A whole decade ago, I blogged about visiting the Whatley Antiquarian Book Center and the books I picked up — among them The Small Kitchen Cookbook by Nina Mortellito (published 1964).
Sadly, the Book Center closed it doors in March of this year, after 25 years in business. But a few of the vintage titles from its shelves live on in my kitchen, including Mortellito’s guide for small kitchen owners.
Perhaps ironically, my kitchen is now (even) smaller than the one I had when I bought the book, so it’s not just a cool antique, but a helpful resource. And, it has actually lived on in other ways too, most recently as a resource for another book: The Unofficial Mad Men Cookbook by Judy Gelman and Peter Zheutlin.

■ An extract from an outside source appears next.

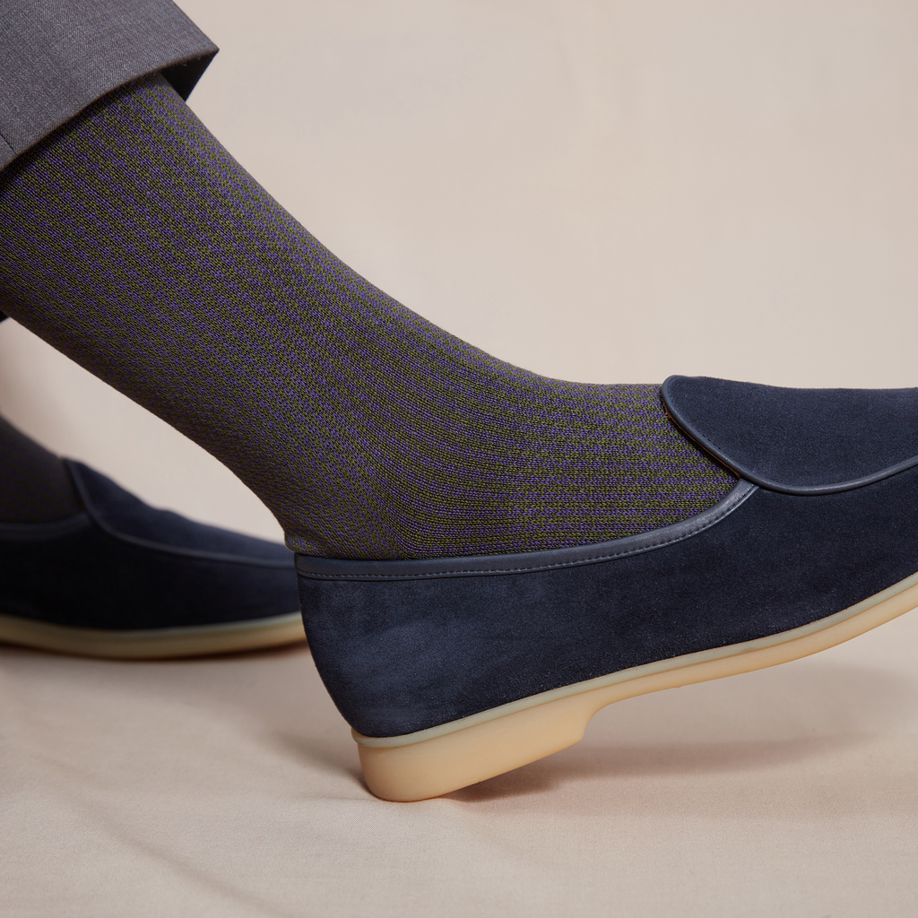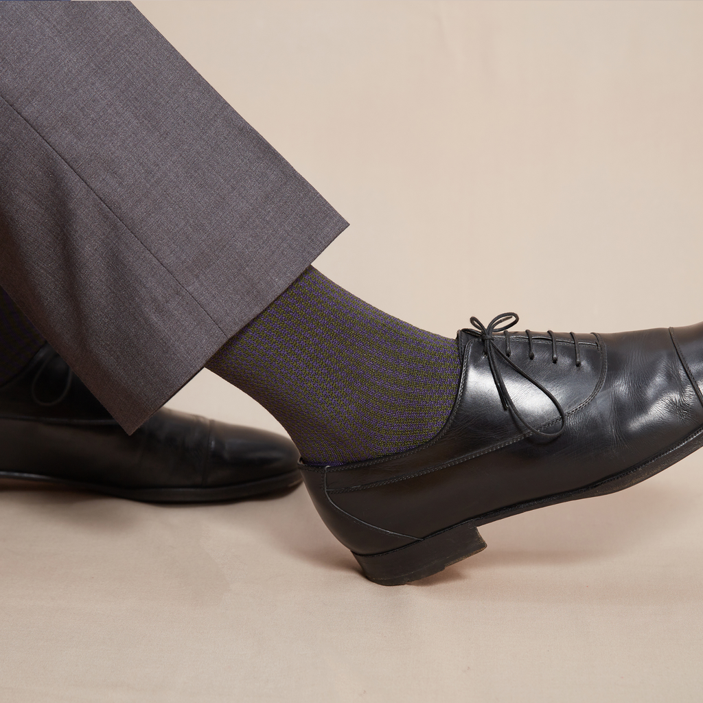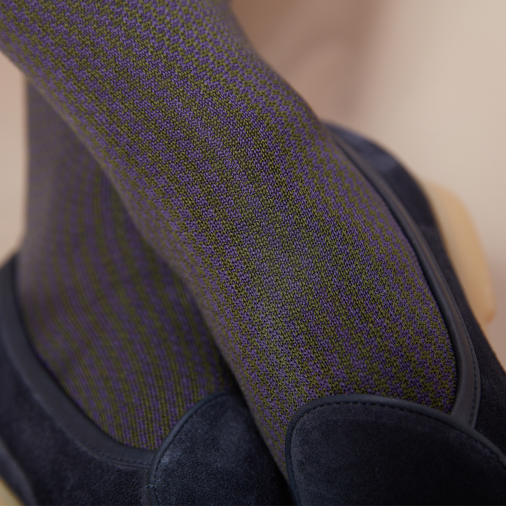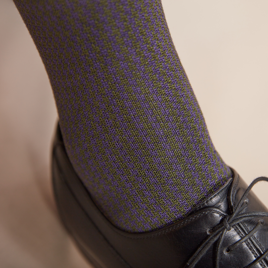 This original model of mid-calf socks in super-strong Cotton lisle goes perfectly with a dark outfit to enhance the whole outfit with color. The houndstooth pattern is a strong pattern. Here it is composed of khaki green and purple for an original result.

This fall, I’ve decided to do a little page-by-page experimentation with the ideas and recipes in The Small Kitchen Cookbook, mostly just to see how they turn out. Having gone through the book a few times already in preparation for this project, I can tell you I’m fairly confident I’m going to learn some new space- and time-saving tricks, but it’s also going to present a few challenges for the modern cook.
The product “Kitchen Bouquet,” for instance… I don’t know what that is or if it’s even still a thing.
I’ll try to honor the original recipe whenever possible, though, and while I don’t intend to necessarily go in order, I will start as the book does, with an inventory of all of the tools Mortellito suggested the 1964 small kitchen should contain. At first glance, it looks like we have a fairly good handle on the basics, but might come up short on some of the specifics, such as string-bean slicers and fruit-ball cutters.